One child is quickly brought to live with their grandparents, has a lot of extended family around, and develops good, healthy relationships. The grandparents readily talk about the parents and the accident and help the child (and themselves) work through the grief and the healing process. This child might develop just fine and have very healthy relationships and attachments with other people.
Let’s take another five-year old that was brought to live with the grandparents. Again, it’s a very similar situation. The grandparents are good caregivers. There are other family members around. But, in this family the grandparents were so grief-stricken that they could not even talk about the parents without totally shutting down. There was no emotional availability. The other family members were dysfunctional and nobody was willing to address the elephant in the room. This child is not likely to develop healthy human relationships and will certainly struggle more.
So, the same situation, the same five-year old that is brought to live with family but the environment is completely different.
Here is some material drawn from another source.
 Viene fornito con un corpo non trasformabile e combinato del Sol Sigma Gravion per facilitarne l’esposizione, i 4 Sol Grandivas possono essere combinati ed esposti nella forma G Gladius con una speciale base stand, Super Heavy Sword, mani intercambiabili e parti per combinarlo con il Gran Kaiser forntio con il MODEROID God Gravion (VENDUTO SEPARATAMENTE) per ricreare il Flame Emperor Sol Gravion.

The same thing can happen with adoption. Some kids are extremely resilient. They are adopted into a good environment and develop fine emotionally. Others don’t have such a great experience.
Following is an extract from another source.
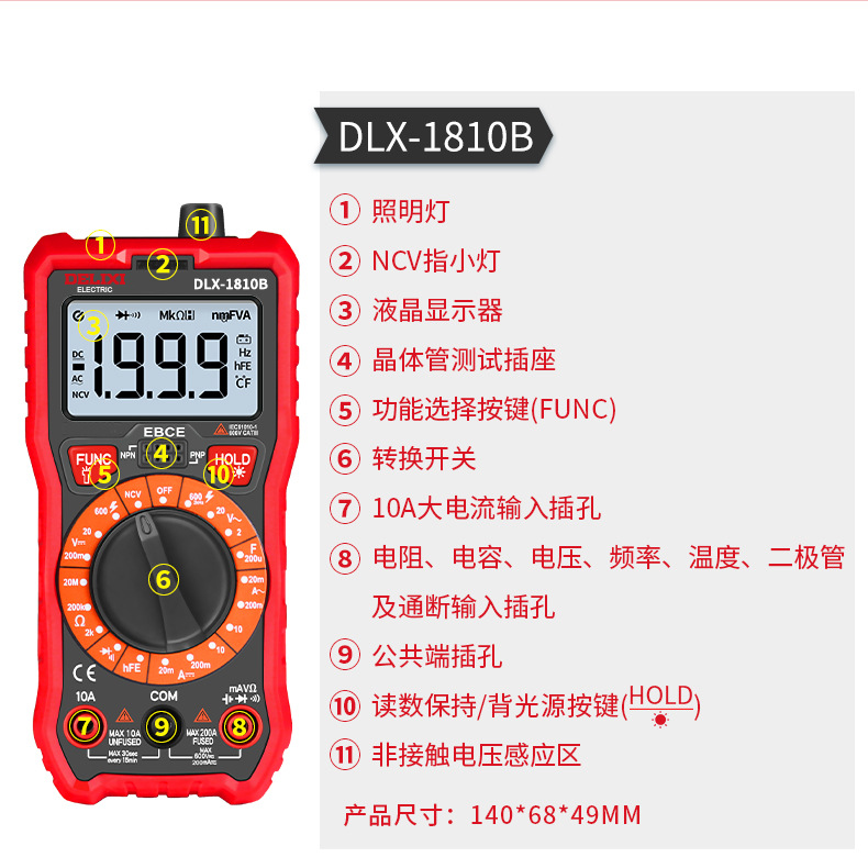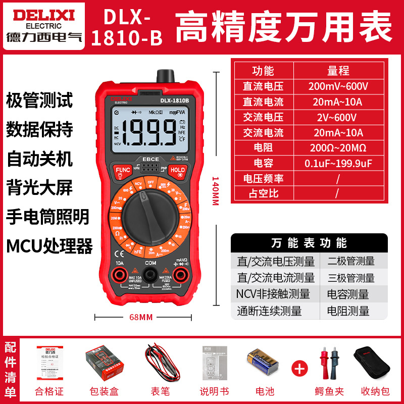 Delixi 새로운 멀티 미터 고정밀 지능형 디지털 미터 전기 기사 유지 보수 연소 방지 전류 전압계 도매

There’s the environmental impact that is coupled with the individual make-up or personality. If the individual person has more resilience, they may be able to overcome an unhealthy environment more easily than another person.
There are countless factors at work with post traumatic stress disorder. And, how the experience may or may not fuel addiction. No two people are the same. No two experiences are identical.
I experienced trauma first-hand recently. Let me share a bit of my story.
To enjoy some unseasonably delightful cooler summer weather, we went out for a walk in the neighborhood. Sometimes I’m alone but this time I was chatting away with my husband. There was a dog barking as we took our usual path but I wasn’t concerned. Not only was I conditioned to trust their invisible fence but the owner was in the yard with the dog…talking on his cell phone.
In a surreal few seconds, the dog realized that she was not being held back by the fence. The owner had taken off the device that registered with the fence replacing it with a normal collar and leash preparing for their own walk around the neighborhood. He was distracted by his phone conversation and wasn’t holding the leash.
The dog tested her boundary a couple of times and then lunged at me. She sank her teeth into my leg drawing blood. The owner reacted quickly and pulled her back into their own yard apologizing but insisting that he couldn’t understand why she would have attacked me.
I experience PTSD every time I see a big dog…especially a doberman.
Even if two people use addiction to deal with their trauma or PTSD, the way they use their addiction will not be the same. Addiction is a uniquely personal experience.
That’s why we say that addiction recovery must be an individual job. We can provide guideance. We can act as a mentor. There are a lot of things you can learn from people who have already navigated the path.
In the end, the addict must develop an approach and a program to heal from addiction. They’re the only one who really understands how it works for them.